Sebbene i sistemi basati su blockchain siano già stati utilizzati nei processi elettorali, è probabile che i politici si opporranno al cambiamento. Si prevede che un processo elettorale basato su blockchain ridurrà il loro ruolo di rappresentanti, poiché più referendum sarebbero meno costosi, aumentando la loro probabilità. In alcuni casi, ciò potrebbe persino portare a un sistema di democrazia liquida, in cui i voti vengono investiti in esperti per determinate questioni, consentendo alle persone di aumentare il potere di voto di determinati individui su determinate questioni, diminuendo ulteriormente il ruolo dei rappresentanti e consentendo ai voti di flusso avanti e indietro. Questo flusso può comportare il richiamo di più rappresentanti, che non sono in grado di adempiere al loro mandato.

I possibili casi d’uso della blockchain sono troppo radicali per essere implementati?
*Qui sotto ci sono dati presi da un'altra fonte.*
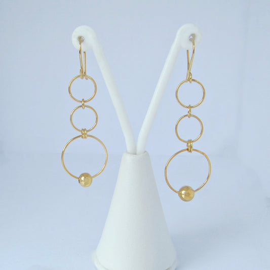 Arete Dorado Doble Círculo y Cuadrado

Se il potenziale svantaggio di ogni caso d’uso blockchain è così grande, allora potremmo non vedere i sistemi basati su blockchain sostituire quelli legacy su scala significativa. Non c’è dubbio che la blockchain abbia il potenziale per cambiare radicalmente tutto ciò che facciamo e tutte le istituzioni di cui avevamo bisogno o che consideravamo affidabili. I casi d’uso della blockchain potrebbero essere troppo radicali o troppo ingombranti per essere mai implementati. Nel frattempo, Bitcoin e altri criptovalute in misura minore, hanno dimostrato che la blockchain può essere utilizzata per effettuare transazioni senza intermediari. Forse alcuni dei potenziali casi d’uso per blockchain saranno meglio serviti dall’implementazione di altri sistemi, come Tangle di IOTA. Quello che sappiamo è che il genio è fuori dalla bottiglia e abbiamo anni di esperimenti davanti a noi per trovare casi d’uso adeguati della blockchain. Tieni d’occhio questi esperimenti, sono destinati ad essere eccitanti.